Segment Start: DATA SHOWN
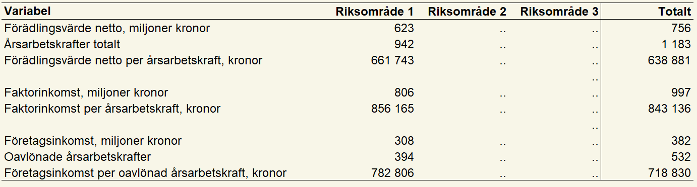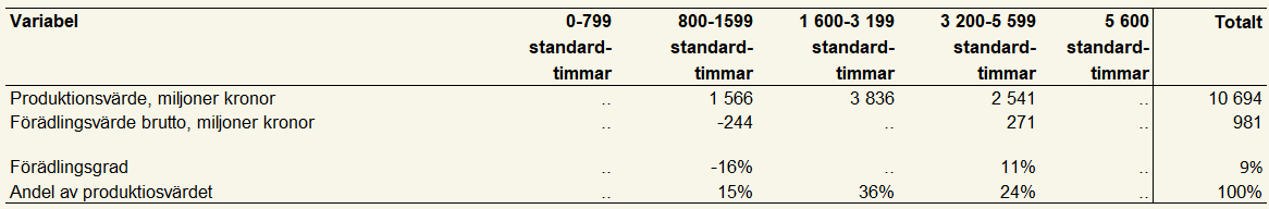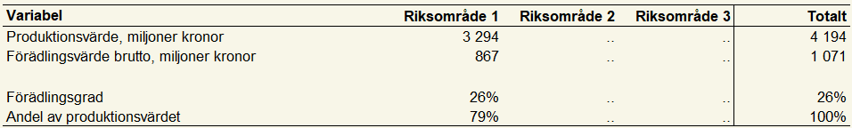 - Förädlingsgrad i procent, (som är kvoten mellan Totalt produktionsvärde minus Kostnader för insatsvaror och tjänster, som divideras med Totalt produktionsvärde).
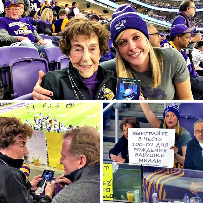 «На свій 100-й день народження моя бабуся Міллі хотіла сходити на футбольний матч, в якому грали її улюблені „Вікінги“. Нам подарували 2 квитка»
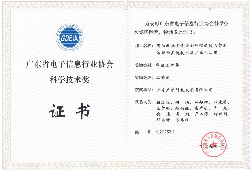 近日,广东省电子信息产业发展大会圆满召开。会上,广宇科技凭借《面向数据要素安全可信流通与智能治理的关键技术及产业化应用》项目,荣获广东省电子信息行业协会科学技术奖二等奖。
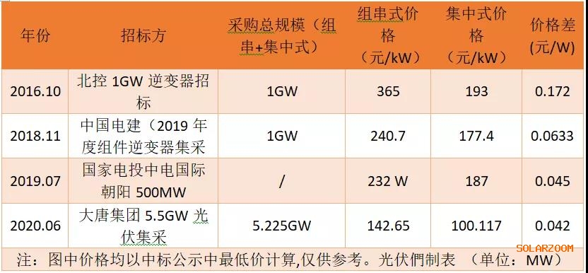 如上文所述,从集中式与组串式逆变器的价格来看,二者价差正逐步缩小,尤其是近五年,多次逆变器格局变动和531政策以及海外市场的激烈竞争等因素给逆变器的价格竞争带来了持续的压力。光伏們对比了2012-2020年的重点招标项目,其中对中标候选人或者中标公示人的逆变器价格进行了对比,可以发现,集中式与组串式逆变器的价差正由2016年的0.17元/瓦逐渐缩小至不足5分钱。
Segment End: DATA SHOWN
AIM OF THE EXERCISE: Restate all the material verbatim; omit every picture.

RESPONSE TO THIS EXERCISE:
 - Förädlingsgrad i procent, (som är kvoten mellan Totalt produktionsvärde minus Kostnader för insatsvaror och tjänster, som divideras med Totalt produktionsvärde).
 «На свій 100-й день народження моя бабуся Міллі хотіла сходити на футбольний матч, в якому грали її улюблені „Вікінги“. Нам подарували 2 квитка»
 近日,广东省电子信息产业发展大会圆满召开。会上,广宇科技凭借《面向数据要素安全可信流通与智能治理的关键技术及产业化应用》项目,荣获广东省电子信息行业协会科学技术奖二等奖。
 如上文所述,从集中式与组串式逆变器的价格来看,二者价差正逐步缩小,尤其是近五年,多次逆变器格局变动和531政策以及海外市场的激烈竞争等因素给逆变器的价格竞争带来了持续的压力。光伏們对比了2012-2020年的重点招标项目,其中对中标候选人或者中标公示人的逆变器价格进行了对比,可以发现,集中式与组串式逆变器的价差正由2016年的0.17元/瓦逐渐缩小至不足5分钱。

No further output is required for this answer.